Samenvatting kennistoets leerpakket 6
Week 1:
WHO (world health organisation)= de organisatie die zich bezighoud met gezondheid
Gezondheidsindicatoren= vooral een maat voor het effect (outcome) van het gevoerde
beleid op vlak van leefstijl (gedragsindicatoren), gezondheidsrisico’s en gezondheid en
hebben betrekking op een of (vaak) meerdere preventiethema’s.
Gezondheidsindicatoren geven aan welke gezondheidsproblemen veelvuldig voorkomen en
welke gezondheidsproblemen leiden tot hoge sterfte of ziekten.
Voor verpleegkundigen is inzicht in de gezondheidstoestand van de bevolking nodig als basis
voor zowel preventie als gerichte zorgverlening.
Om te bepalen of we doelen moeten behalen en welke dit dan moeten zijn worden de
gezondheidsindicatoren gebruikt.
Veel voorkomende gezondheidsindicatoren:
Mortaliteit = geeft het percentage personen weer dat sterft aan een bepaalde
aandoening gedurende een bepaalde tijdseenheid.
Levensverwachting; het aantal verwachte levensjaren gemeten vanaf de geboorte.
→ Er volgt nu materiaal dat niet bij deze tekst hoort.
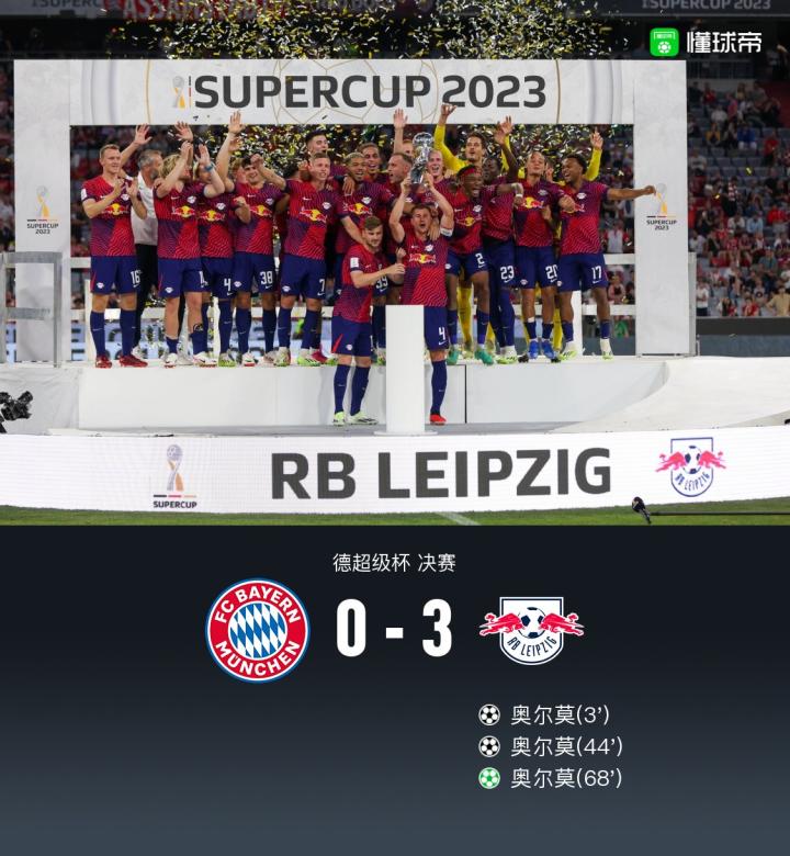 北京时间8月13日,拜仁慕尼黑在德国超级杯决赛主场对阵莱比锡。上半场奥尔莫开场3分钟便闪击得手为莱比锡首开记录,之后又在半场临近结束时再进一球上演梅开二度。下半场凯恩替补登场,在加盟仅一天后就迎来拜仁生涯首秀,随后马兹拉维禁区内手球送点,奥尔莫点射破门完成帽子戏法。最终莱比锡3-0击败拜仁慕尼黑,赢得新赛季德国超级杯冠军,而刚刚加盟拜仁的凯恩则仍然无缘获得自己职业生涯的第一座冠军奖杯。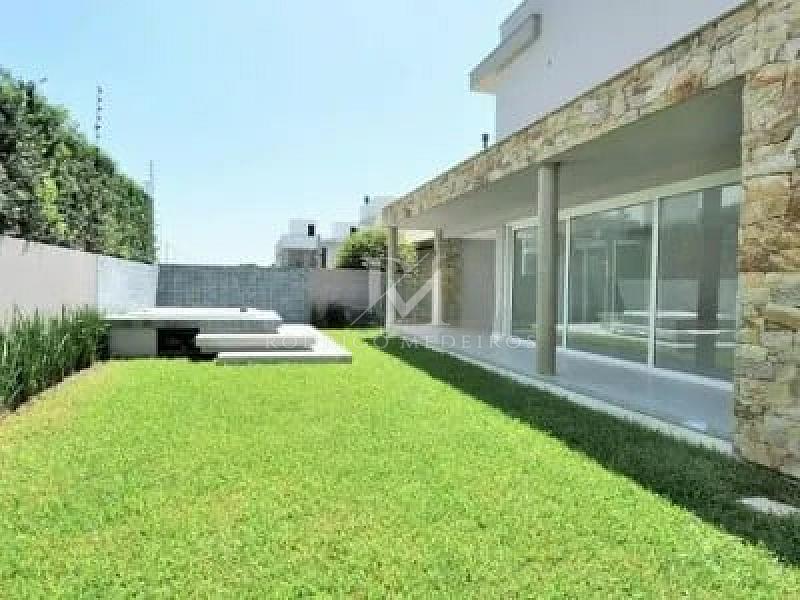 Com 390 m² de área útil distribuídos em dois pavimentos, a arquitetura contemporânea se impõe desde a fachada com linhas retas, paisagismo envolvente e um deck em madeira que emoldura o terreno amplo de 450 m². A porta pivotante em grande formato antecipa a sensação de amplitude, reforçada pelo pé-direito duplo do hall de entrada.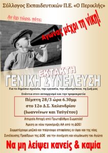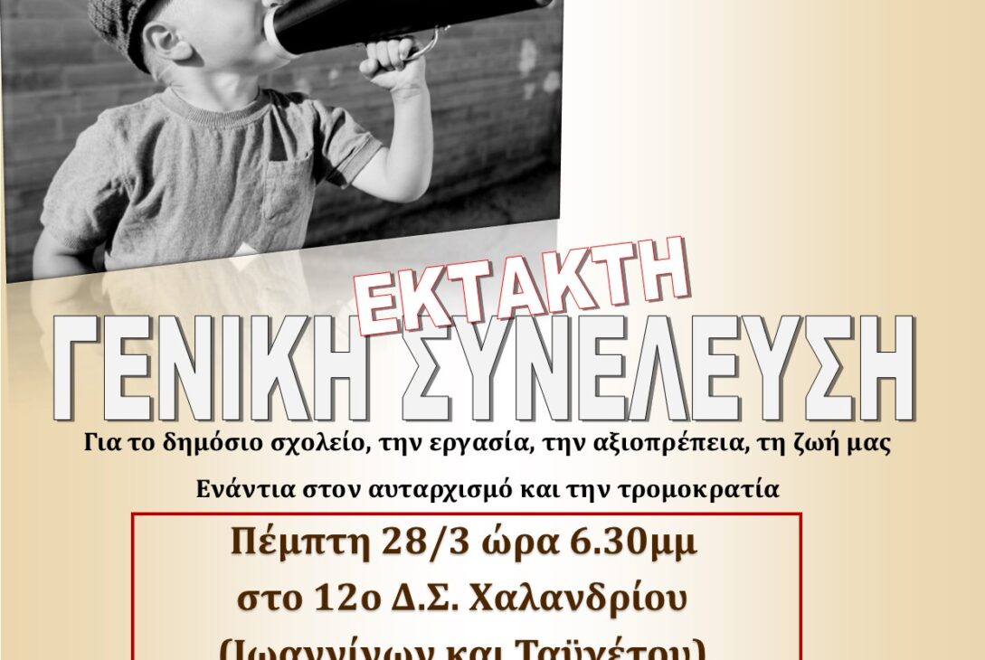 Όλες/οι στην έκτακτη Γενική Συνέλευση του Συλλόγου μας την Πέμπτη 28 Μαρτίου ώρα 6.30μμ στο 12ο ΔΣ Χαλανδρίου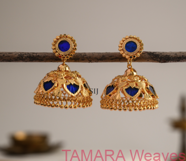 Gold tone blue palakka 5 petal jhumka – microplated with 18k gold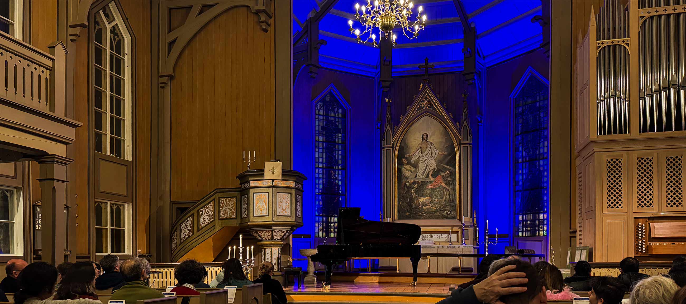 Abends gibt es eines der berühmten Mitternachtskonzerte, das um 23 Uhr beginnt und eine halbe Stunde norwegische Musik bietet.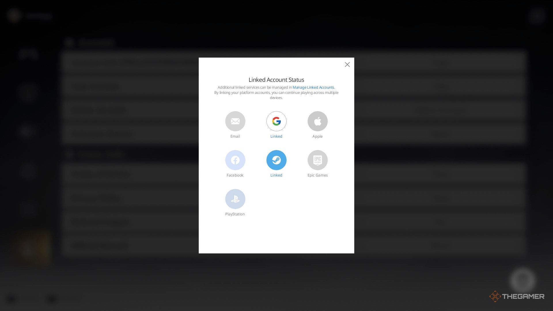 Появится небольшое меню, в котором нужно нажать на ссылку «Управление привязанными аккаунтами». Это откроет веб-страницу, где вы можете привязывать и отвязывать аккаунты.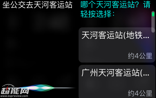 此前Siri最多可以啟動(dòng)某個(gè)應(yīng)用、記錄筆記,或者使用Siri進(jìn)行聽寫單詞輸入,不過(guò)現(xiàn)在可以實(shí)現(xiàn)更多的功能,例如我輸入“坐公交去天河客運(yùn)站”,它就會(huì)彈出幾個(gè)可能要的選項(xiàng),然后繼續(xù)彈出交通工具選項(xiàng),但因?yàn)榍懊嬉呀?jīng)識(shí)別出“坐公交”,所以系統(tǒng)會(huì)自動(dòng)作出選擇。但現(xiàn)在我這邊的地圖數(shù)據(jù)一直無(wú)法同步到手表上,所以沒辦法看到路線。
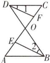 已知:如图所示,AC,BD相交于点O,DF平分∠CDO交AC于点F,BE平分∠ABO交AC于点E,∠A = ∠C. 求证:∠1 = ∠2.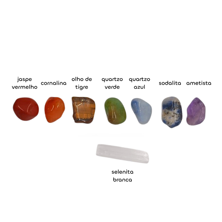 Kit 7 Chakras Pedra Rolada Pequenas + Saco Algodão + Selenita Branca 8 Cristais Mini Kit Les Energie

Gezonde levensverwachting; levensverwachting in goed ervaren gezondheid,
levensverwachting zonder lichamelijke beperkingen (geen beperkingen in horen,
zien, mobiliteit en algemene dagelijkse levensverrichtingen – ADL), of naar de goede
geestelijke gezondheid (afwezigheid van gevoelens van eenzaamheid, rusteloosheid,
verveling, depressie, van streek zijn).
QALY en DALY; geven de maten aan van de kwaliteit van leven, bij QALY (quality
adjusted life years) resulteert dit in een uitkomst tussen 0 (minst goede kwaliteit van
levensverlenging) en 1 (een optimale kwaliteit van levensverlenging).
De DALY(disability adjusted life years) kijkt naar de verloren gezonde jaren door
ziekte of aandoeningen, dus de ziekte last wordt ermee weergeven.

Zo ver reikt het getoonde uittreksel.